I also have been horrified by the situation in Syria and the use of children to ride on tanks and other atrocities that have been reported. It reminds me again of the gift of our affluent lives cushioned as we are, here, down under. I feel that it is important for me to take this gift and make the absolute most of it, the best of it, in respect for those who are suffering if not just for the gift itself. This thinking helps me to let go of little issues and focus on the important aspects of fostering love and compassion.

In order to make the most of this gift I have also been considering what limits we put on ourselves when we dare to dream. I was saying to my husband just yesterday that we shouldn't just think in terms of where we currently live or what we are currently doing but broaden our minds to take in even the most whimsical of thoughts in order to consider the best way for us to embody our passions. We have the opportunity to do what we love so lets make it the best it can be and not put boundaries around it.

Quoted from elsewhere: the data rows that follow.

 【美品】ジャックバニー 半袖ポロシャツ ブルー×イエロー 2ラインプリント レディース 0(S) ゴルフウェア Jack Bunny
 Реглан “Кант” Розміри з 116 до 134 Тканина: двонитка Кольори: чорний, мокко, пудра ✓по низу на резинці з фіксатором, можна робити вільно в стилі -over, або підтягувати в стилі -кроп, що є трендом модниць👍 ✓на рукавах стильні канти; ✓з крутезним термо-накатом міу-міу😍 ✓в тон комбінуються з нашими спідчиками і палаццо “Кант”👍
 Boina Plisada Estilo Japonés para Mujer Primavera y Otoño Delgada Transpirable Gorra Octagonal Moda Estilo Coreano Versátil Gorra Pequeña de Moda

Saying that, I have been finding joy in so many little things that I think it doesn't matter where you are, so long as you are mindfully in the moment. I find happiness in sitting at my desk at work, quietly typing away. The peace of working from home when I can, alone in my own space. The laughter of playing board games with my children. The rush after a good, hard, long run. The loving look in my husband's eyes, the joy I feel being with him. Surely the list can be endless.

I do dream of sunshine and a warm place - my usual winter longing. And I wonder about my attachment to people and places, would I give it all away for a beach view?

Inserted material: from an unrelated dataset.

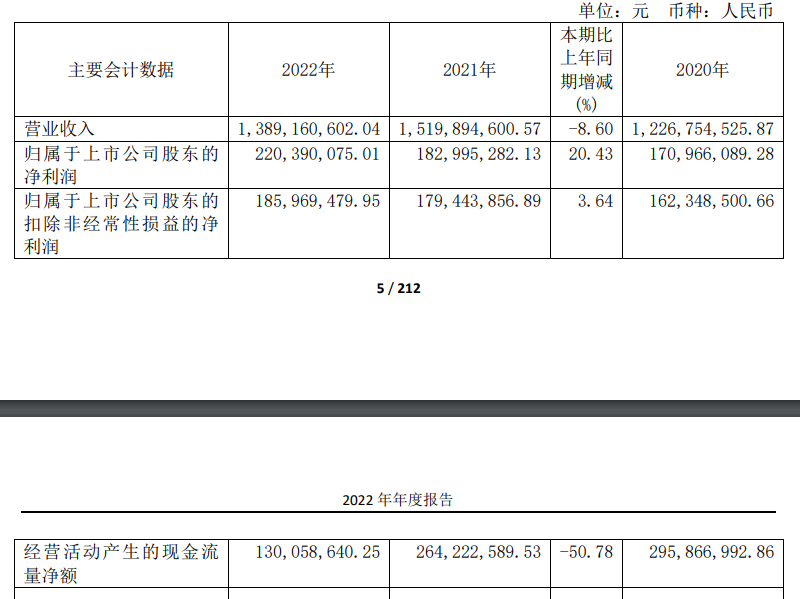 据报告,2022年度梦天家居实现营业收入13.89亿元,较上年同期降低8.6%;实现归属于上市公司股东的净利润为2.2亿元,较上年同期增长20.43%,实现归属于上市公司股东的扣除非经常性损益的净利润为1.86亿元,较上年同期增长3.64%。
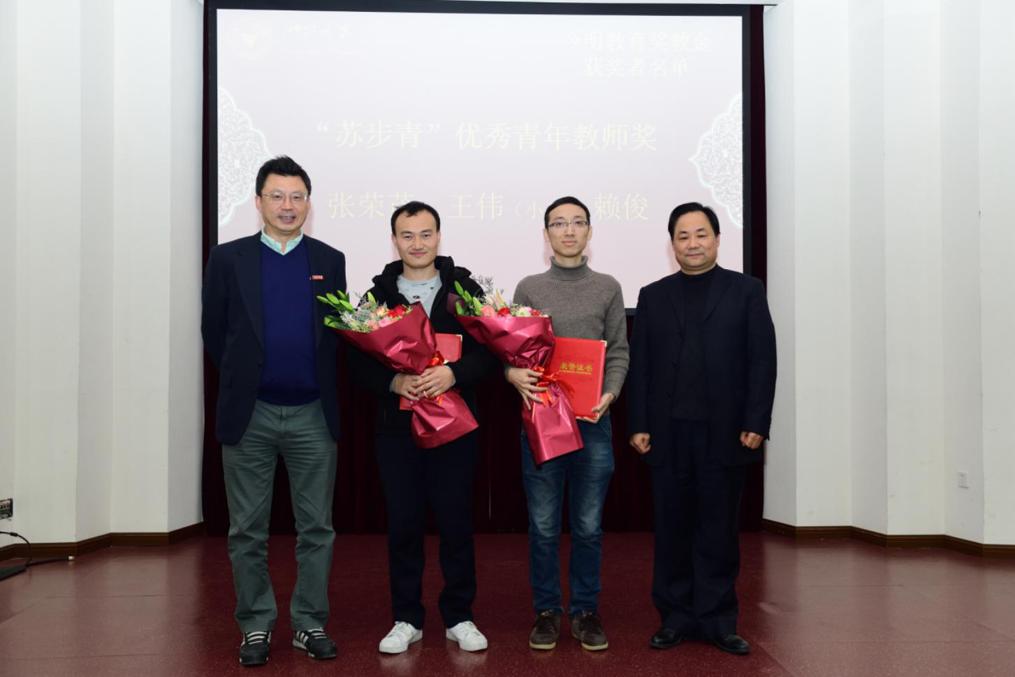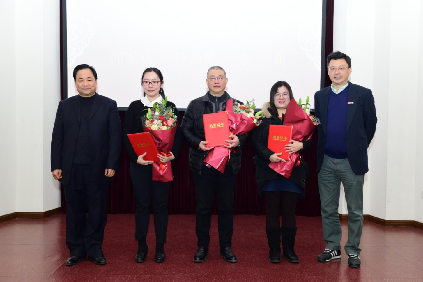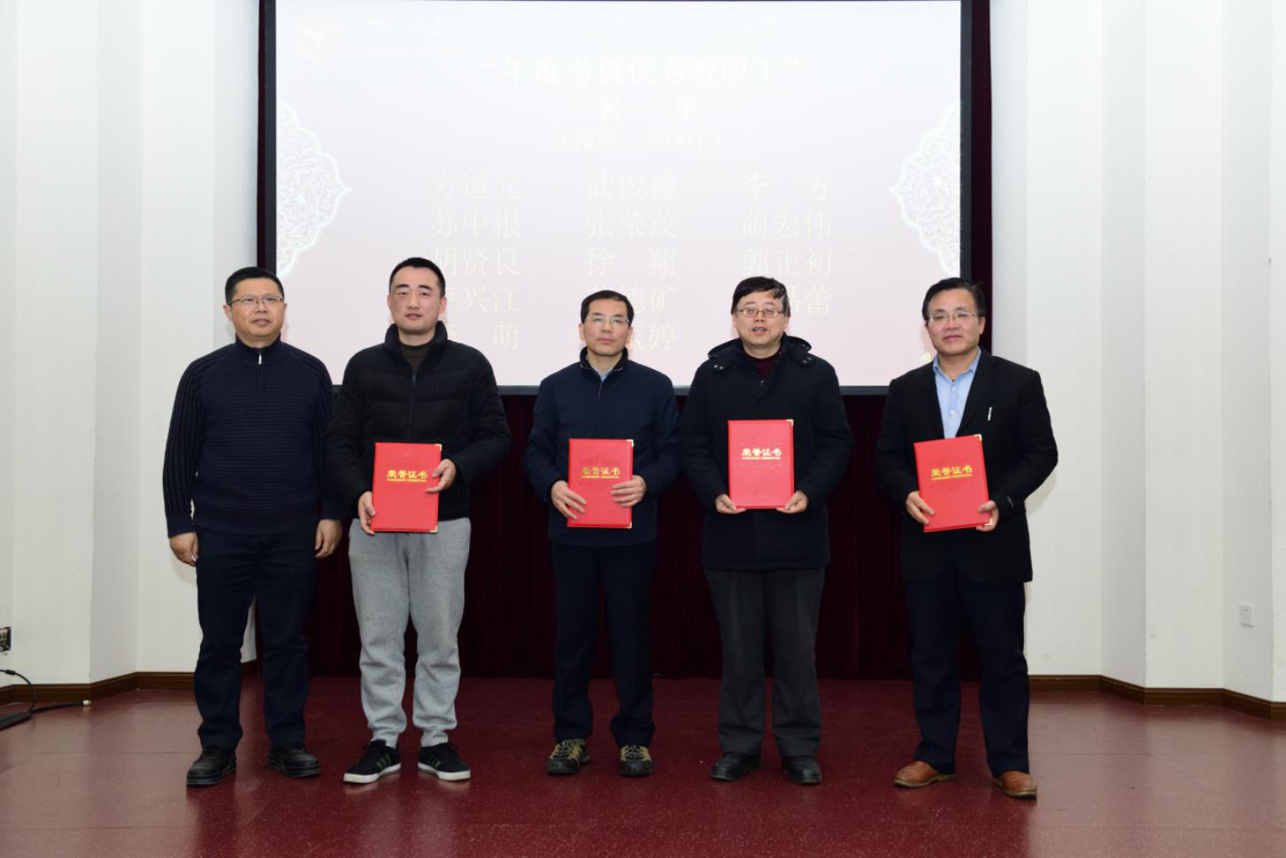接下来是表彰大会。在过去的一年里,学院教职工勤恳奋进,团结协作,攻坚克难,将学院的发展推向了一个新的高度的同时,也涌现了一批先进个人。姚晨副书记依次宣读了学院2018年度表彰名单,学院领导和今明教育集团董事长杨益民先生为获得奖励的教职工颁发了荣誉证书并合影留念。

Ah, so many thoughts passing across the sky that is my mind.

03 April 2012

Lost and Found

Had a fabulous night in with a dear girlfriend last night. We often share stories about our experience of motherhood, wife-hood, and balancing our personal passions in life. Something I know to be true is that motherhood (parenthood) has been my making and also my undoing.

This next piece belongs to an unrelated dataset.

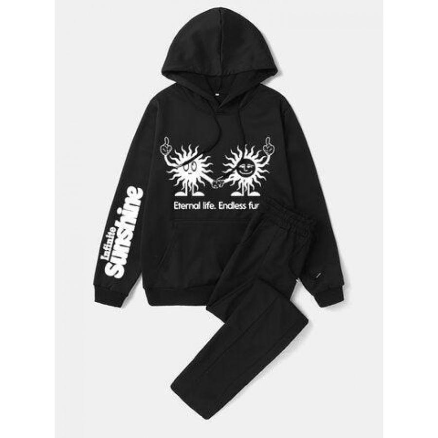 Mens Cartoon Sun Letter Print Hoodie Two Pieces Outfits With Seam Pants

Hence, I started to think about how I am in the "lost and found" box at the local swimming pool. I have lost myself in parenthood and also found myself. Tacky? Cliched? Let me explain.

I lost my independence starting at 6 months pregnant when I couldn't move the way I wanted. I found my sense of joy in knowing that I was making a little person inside my body.

I lost my desire for an exciting career and found the desire for a good night's sleep to be so much more important.

I lost my status of breadwinner in the family home and found I could actually rely on others, and it was ok.

I lost myself, my identity as a feminist, a professional, a "successful" woman and found the peace of an afternoon in the sun, the joy of actually getting something done like a clean load of washing on the line.

And again, I lost my independence, my ability to be selfish, to do what I want when I want without considering anyone else. And found that my mother was true, we are all 2 year olds having tantrums when we can't have our way, it is a very thin veneer. I also found that it is better to share the experience of life and to see it in a completely different light, interpreted through those childish eyes that we have forgotten we once had.

I have lost my sense of self, passion and purpose. I found my joy, resilience, and mental toughness.

And what is life but the love we have for each other?

I will not wait for the children to fly the nest before reclaiming my journey in life. I will find the balance of my personal passion and my responsibilities in order to give them an interesting mother.

Children need interesting mothers.

19 December 2011

Christmas Crazy Time

How do you get through the Christmas Crazy Time intact? I am feeling pretty proud of myself this year as for the first time in living history (well, since my children were born) I have managed to stay fairly stress-free! I put it all down to my ill health a year ago - isn't that sad?! I am still recovering and have to watch my energy levels which means I put alot of effort into organising myself so that Christmas wouldn't feel so crazy.

I got all my shopping done before the end of November and did it in 1 - 2 hour stints first thing in the morning before the shops got crazy. Did a bit of research and shopping on line which really helps to make things easier and don't we all just love getting a parcel in the mail even when we know what is in it!

I tried my hardest to spread out the Christmas events that we accepted so that the kids and I would have recovery time inbetween - seemed to have worked so far. And now in our last week, on the count down to the big day, I am feeling relaxed and comfortable, ready to enjoy the delights that await me at the end of this week.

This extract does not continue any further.